Ling 431/631: Corpus Linguistics
Ben Bergen
Meeting 13: Encoding schemes and part-of-speech tagging
November 26, 2007
General
Remaining questions on the Python labs?
Other linguistics-specific python resources
Rob Malouf's class on computational corpus linguistics [http://www-rohan.sdsu.edu/~malouf/ling571.html#lectures]
Natural Language Toolkit [http://nltk.sourceforge.net/index.php/Main_Page] includes the following software modules (over 50k lines of Python code):
Corpus readers: interfaces to many Corpora
Tokenizers: whitespace, newline, blankline, word, wordpunct, treebank, sexpr, regexp, Punkt sentence segmenter
Taggers: regexp, n-gram, backoff, Brill, HMM
Parsers: recursive descent, shift-reduce, chunk, chart, feature-based, probabilistic,
Semantic interpretation: untyped lambda calculus, first-order models, parser interface
Miscellaneous: feature detection, unification, chatbots, many utilities
Use it [and comment it] or lose it!
Encoding
There are a lot of different character encoding standards. If you're using something akin to the English system [Roman characters], one of the standards, like ISO Latin-1 will work [that's usually the default]. But for other systems, like IPA or other text systems, unicode is the way to go.
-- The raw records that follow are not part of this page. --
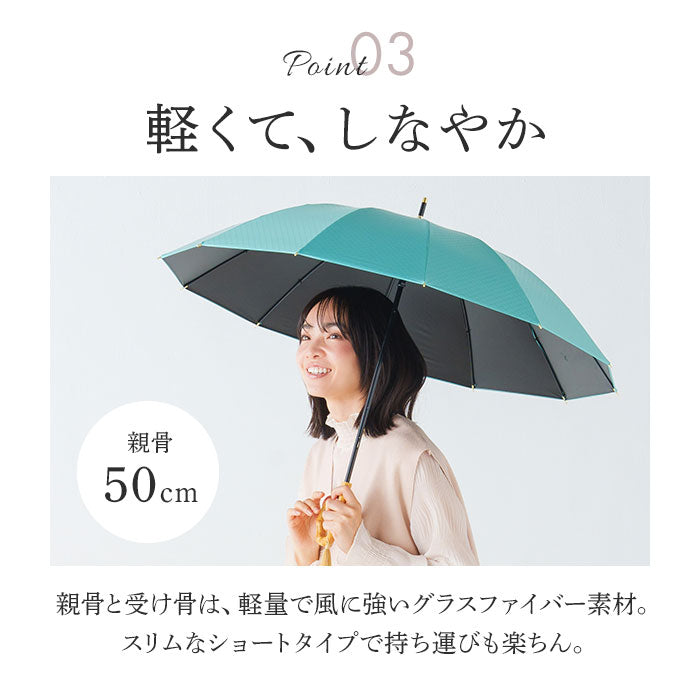・裏側にブラックコーティング加工を施した傘生地が、太陽光を強力に遮断!晴れの日も雨の日も頼りになる晴雨兼用タイプ。
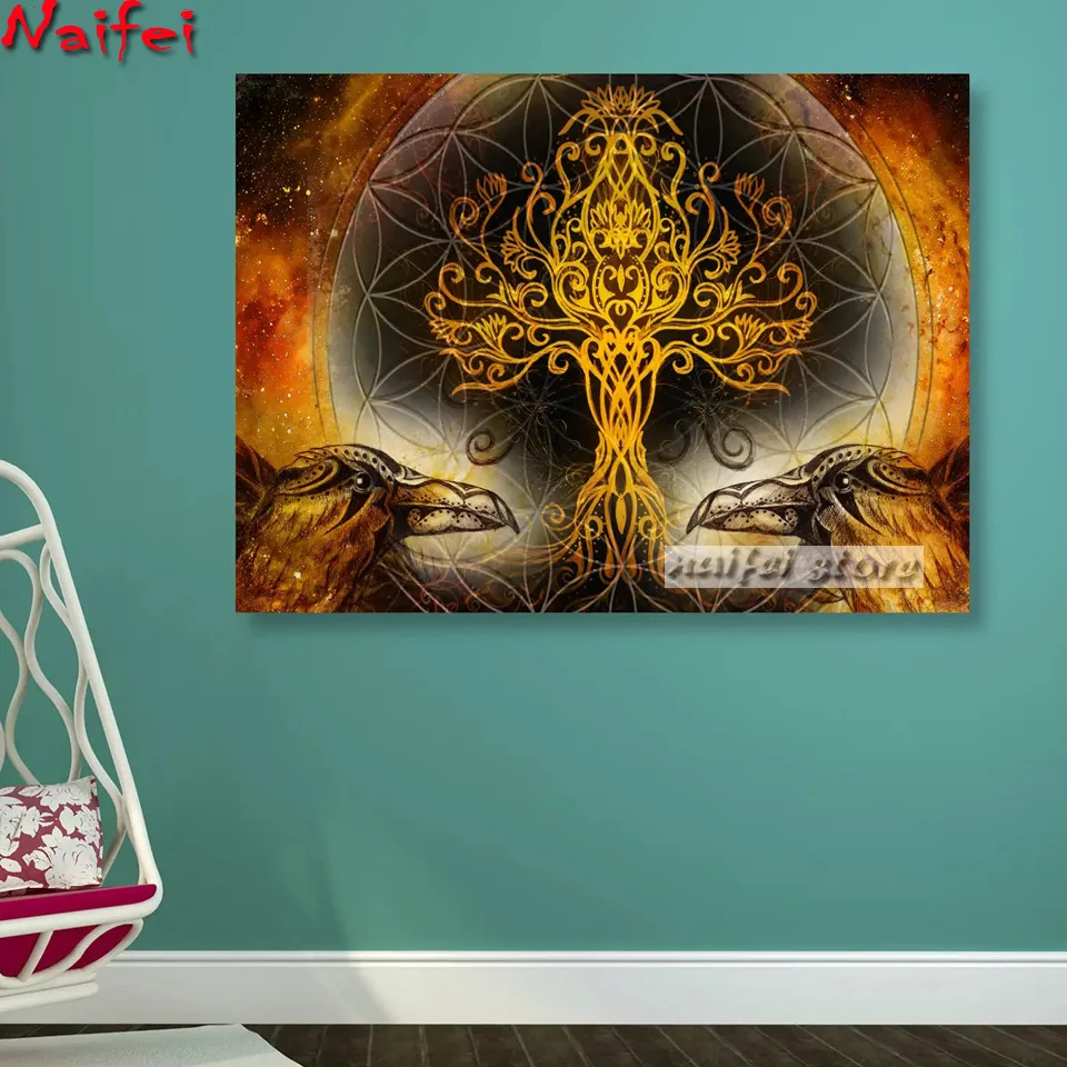 Алмазная живопись, новые стразы, картины, алмазная вышивка, Ворон и дерево жизни, поделки, настенная фотография, полный комплект
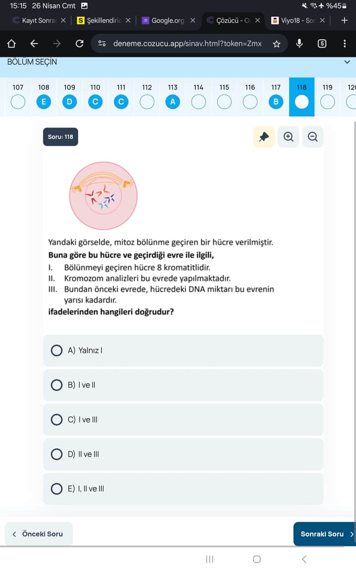 Yandaki görselde, mitoz bölünme geçiren bir hücre verilmiştir. Buna göre bu hücre ve geçirdiği evre ile ilgili ifadelerden hangileri doğrudur?
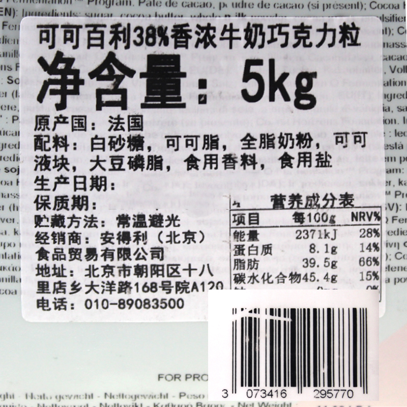 Cocoa Bailey 38% Milk Chocolate Coin 5kg Button-shaped French imported West Point Dessert Decoration Baking Raw

Unicode [also known as ISO 10646]
A "universal" character encoding standard that assigns one code to any character [e.g. U+00FC, which is 'ü']. Note that these codes define characters, not glyphs. You also need a unicode font [freely downloadable] and a program [like a browser or a word processing program] to convert the character representations into squiggles.
Has defined regions for different scripts, and lots of room to define your own for local use
Can be produced in recent versions of Word, OpenOffice, Netscape Composer, and others
Can be searched in TextSTAT
You use unicode just like you would any other standard. For instance, in TextStat, if a file you add to your corpus is in unicode, you can search for characters in it by typing (or pasting) them into the pattern definition. In Word, certain fonts, like Arial Unicode MS support unicode, and you can use them to create texts in unicode for your corpus if you like.
Part-of-speech tagging
We built a primitive part-of-speech tagger, that worked under the conditions that
All words of the language were known
Each fell into non-overlapping part of speech categories
There were no homonyms crossing parts of speech.
In principle, for some languages these assumptions might be reasonable. [Like Esperanto?] For most languages, they are not. So part-of-speech taggers have to be a little more sophisticated than the ones you built.
Some decisions:
How fine are the part-of-speech classes? Just four? Or all the ones in the BNC? Or more?
Linguistic rules or statistical generalizations [or both]?
If rule-based, phrase-structural [probably not] or dependency-based [probably]?
The basic structure of part-of-speech taggers:
First, check the lexicon, which has a part-of-speech tag [or set of tags] associated with wordforms. This can get very big, so it helps to generate this automatically, on the basis of a part-of-speech tagged corpus. Also, it might include multi-word words, like 'out of' or 'Super Bowl'.
If you don't find the word, perform a morphological analysis - check for endings and see whether stripping them yields a word that is in the lexicon and can take this ending.
If you do find the word, and it has a single part of speech associated with it, you're done.
If you find the word and it has multiple possible parts of speech, then you need to disambiguate.
Then disambiguate. Disambiguation usually uses a probability matrix design. Basically, if you have a large, part-of-speech tagged corpus of a language, you can calculate the probability that any given part of speech will occur in the neighborhood of any other part of speech, for example that a noun will occur after a determiner, or before a verb. Any grammatically ambiguous word has a matrix of probabilities associated with the others words around it [and their parts of speech].
The upshot is that the more ambiguity, the more it helps to have a hand-tagged corpus to use as the basis for automation of components of tagging.